When high energy lasers with the power to do serious damage to animals, plants, and minerals were being built, it was necessary to measure how much power was being deposited in a small region in the focal plane. The description generally grew to the point that one wanted to determine how much power could be deposited in a bucket of a certain size placed at the target. Thus rose the name power in the bucket.
In some cases the bucket was a physical entity, like a high power calorimeter. In the laboratory, it can be as simple as a specific size pinhole backed by an integrating detector. Without worrying too much about the details, it is just a well-known bit of trivia among optical engineers that "the power in a bucket (where the bucket is the size of the first Airy ring in the diffraction pattern of an unaberrated beam in a circular aperture) contains 84% of the total power." So it is written.

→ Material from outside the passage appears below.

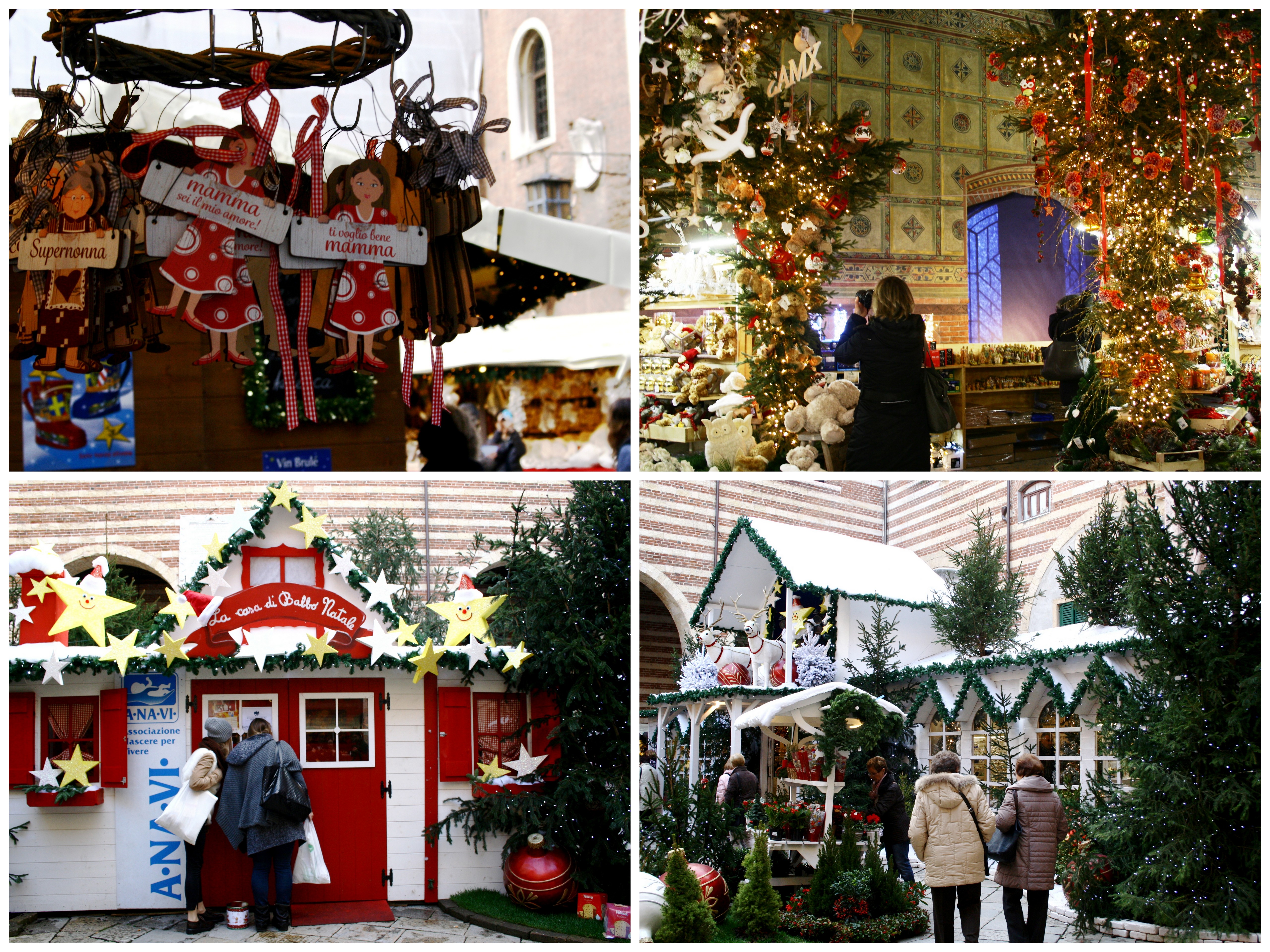 Muszę przyznać, iż nawet tutejszy mercatino jest zupełnie inny i ciekawszy niż wszystkie. Nazywają go Mercatino di Norimberga, gdyż przypomina prawdziwe niemieckie jarmarki świąteczne, a także oferuje ciepły wurst i kapustę, które zachwycają włochów. Składa się z trzech części umieszczonych na Piazza dei Signori (zwanym także Piazza Dante z powodu pomnika Dantego na środku placu). Co go wyróżnia? Bajkowość…Jako że miasto to kojarzy nam się przede wszystkim z Romeem i Julią, pod tą przykrywką, zarabiający na turystach specjaliści, przekonują nas, iż w Weronie wszystko owiane jest legendą i baśniowością. Jak przejawia się to na Mercatino di Natale? Wśród sztucznie utworzonego lasku, przyprószonego tak samo sztucznym śniegiem, znajdziemy La casa di Babbo Natale (Domek Świętego Mikołaja), gdzie dzieci mogą odwiedzić św. Mikołaja we własnej osobie. Natomiast świąteczne pamiątki, zamiast na typowych straganach, dostaniemy w domku rodem z ,,Dziadka do orzechów”. Na środku placu, najbardziej znany i ceniony włoski poeta – oczywiście mowa o Dantem – na czas Bożego Narodzenia trzyma w ręce Vischio (jemiołę), w końcu Werona to przede wszystkim miasto miłości!

Another less known bit of trivia is that Zernike polynomials provide a mathematically convenient way to describe the phase of an optical beam. We can represent phase in a number of ways. One way is just to say the beam has so much focus, so much astigmatism, so much coma, and so forth. Being scientists, and therefore creatures of mathematics, we decided that a series of functions with terms that represent those aberrations would be a useful thing to have around.
We can lay out the phase of an electric field (the beam of light) as a three-dimensional surface, the height of which is the phase advance (or retardation) of the beam. If the beam has just focus, we find that it has a different spherical shape than that which would propagate smoothly to a focus in the focal plane; the different, out of focus shape looks like a bowl.